As regards the possibility of dismissing trade union officers who have intervened or participated in an unlawful strike (section 450(2) of the Code), the Committee agrees with the Government's statement that the ILO supervisory bodies recognize the legitimacy of dismissal in cases of unlawful strikes. The Committee none the less points out that, when a strike is declared unlawful on the basis of a national standard which contravenes the principles of freedom of association, the dismissal of trade union officials, even if it is lawful, would be contrary to the Convention.

With regard to the provisions which allow the internal management of trade unions and trade union meetings to be supervised by public servants, the Committee notes from the information contained in the Government's report that the Political Constitution of 1991 repealed Decree No. 672 of 1956 (section 1).

With regard to the provision which authorizes suspension of trade union officers who have been responsible for the dissolution of a union (section 380(3)), the Committee notes that, according to the Government, this provision was amended by section 52 of Act No. 50 of 1990 under which the power to dissolve a trade union is conferred on the judicial authority and that the names of the persons responsible shall be stated.

As regards the first point, the Committee observes that although Decree No. 672 of 1956 has been repealed by the Constitution, section 486 of the Code is still in force.
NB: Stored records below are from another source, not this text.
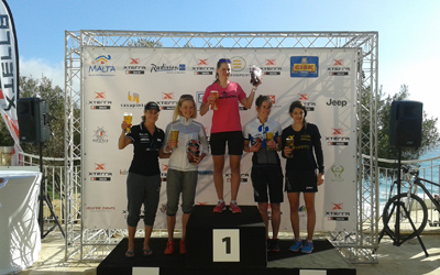 I knew there were some uber-bikers behind me though, not least my fellow GB teammate (and Commonwealth Games MTB-er) Jess Roberts. She promptly flew past up the first technical climb where I was still recovering my balance from the swim! My Aloha teammate Elisabetta Curridori was also in the mix, and on the second lap I managed to hang on to the wheel of Maud Golsteyn until the biggest climb. She had recovered the time lost on the swim… but was still recovering from racing Cape Epic MTB stage race only the week before – legend!
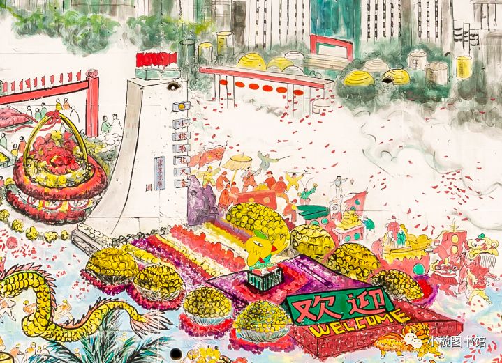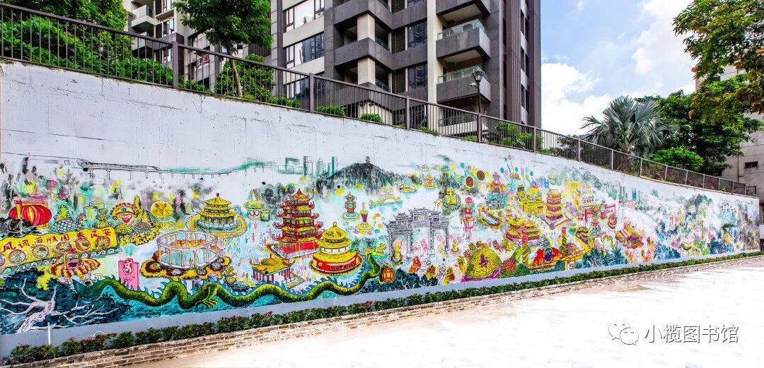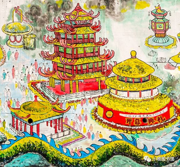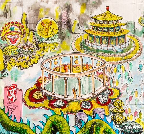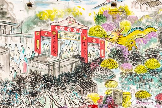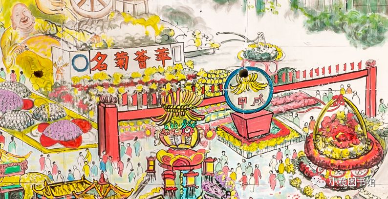 小榄菊花文化墙绘 位于小榄镇新时代文明实践中心内的小榄菊花文化墙绘,长46米,高5米,由小榄镇美术协会联合社会机构共同完成。墙绘以小榄1934年至2018年间举办的大型菊会盛况为背景,在展现小榄菊花会规模宏大、色彩斑斓、技艺精湛的同时,也反映了小榄社会经济发展和人民生活的变化。历年菊花会景象一一进入画卷,集中呈现历届菊花会最具特色的菊艺造型,再现小榄菊花会盛况,让人们徜徉于小榄菊花会历史长河中。
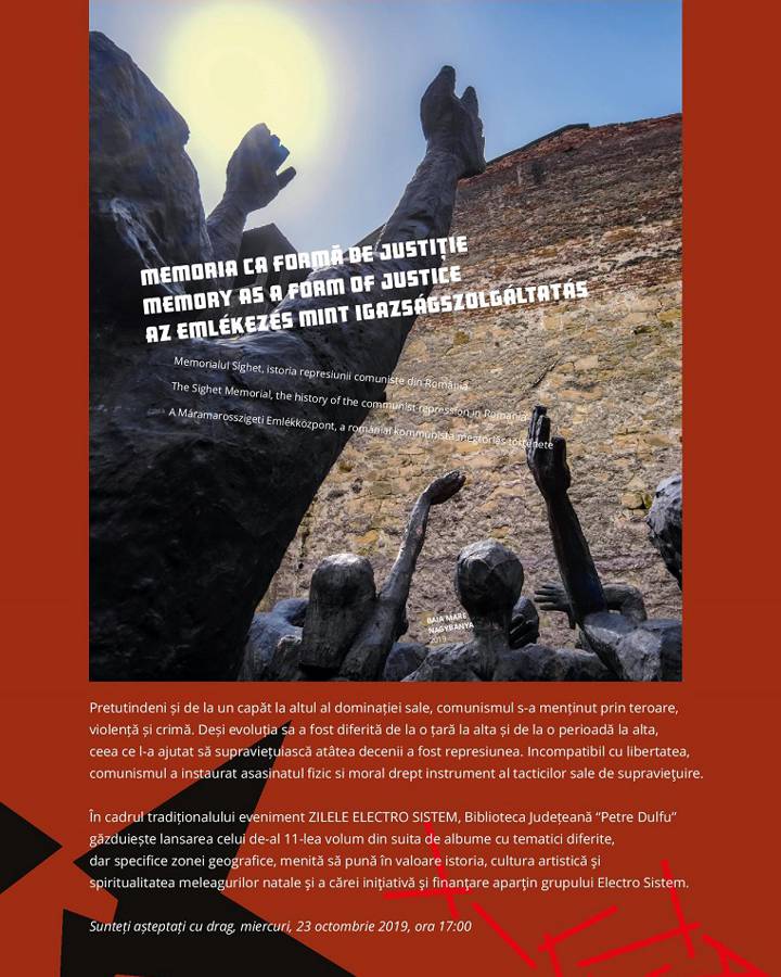 Va avea loc lansarea albumului „Memoria ca formă de justiţie. Memorialul Sighet, istoria represiunii comuniste din România”, publicat de Ştefan Blaskó, Baia Mare, 2019.
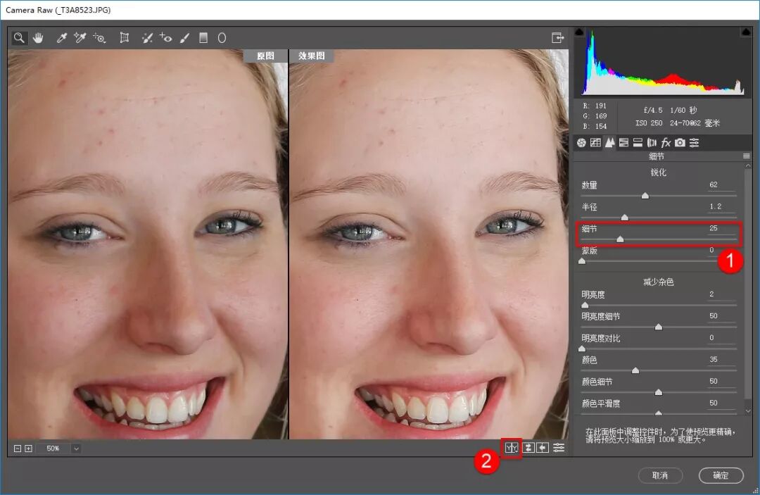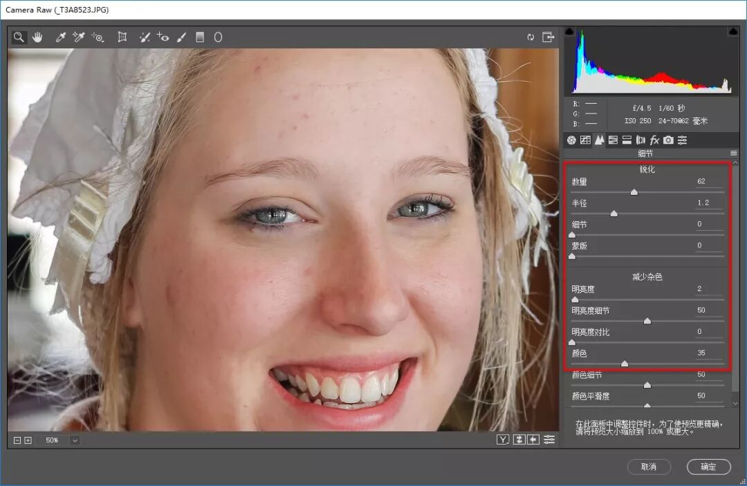 步骤4: “锐化”是指强化照片中像素之间的差别,让照片显得更加锐利、清晰,提高锐化数量值后,可以看到人物面部清晰度变高,画质更锐利。
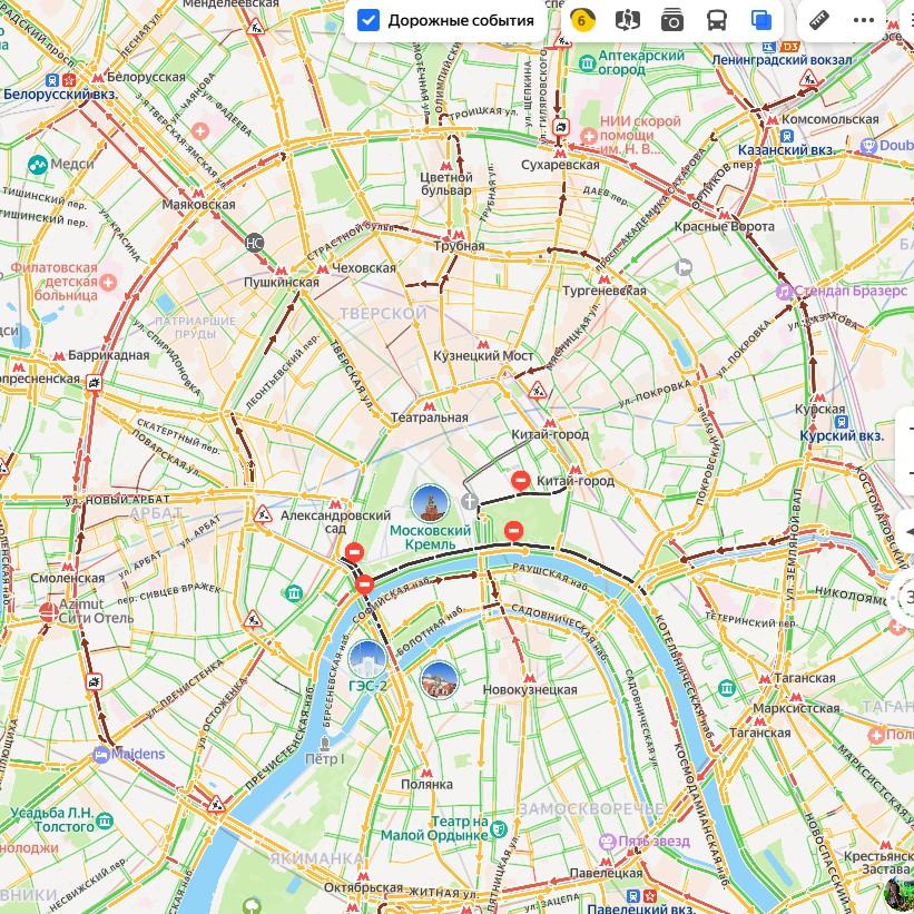 Пользователи сервиса «Яндекс Карты» в обсуждениях отмечают, что не могут выехать из пробки, образовавшейся у Кремля.

As regards the second point, the Committee observes that section 380(3) of Act No. 50 of 1990 to which the Government refers, corresponds to section 380(4) of the Code, and there has been no change in the wording. This provision suspends for up to three years the right of association of trade union leaders who have been found responsible by the judicial authority of dissolving a trade union.

The Committee once again asks the Government to indicate in its next report whether the provision contained in section 366(4)(c) of the Code (amended by section 46 of Act No. 50 of 1990), whereby an application for registration by a new works union may be rejected, applies if the trade union seeking registration has a greater number of members than the trade union that is already registered.

With reference to section 389 of the Code which provides that neither members representing the employer before his workers nor members of the top management of an enterprise can be members of the Executive of a trade union, the Committee once again requests the Government to provide information on the scope of this provision since, according to the federations, employers unilaterally determine who shall represent them and this has given rise to abuse.

The Committee hopes that in amending and drafting the above laws, account will be taken of the comments it has been making for several years. It asks the Government to continue to take steps within the framework of the standing tripartite committee and, should it so wish, with technical assistance from the ILO, to bring its legislation into closer conformity with the Convention, and to keep it informed of further developments.

The Committee is also addressing a direct request to the Government.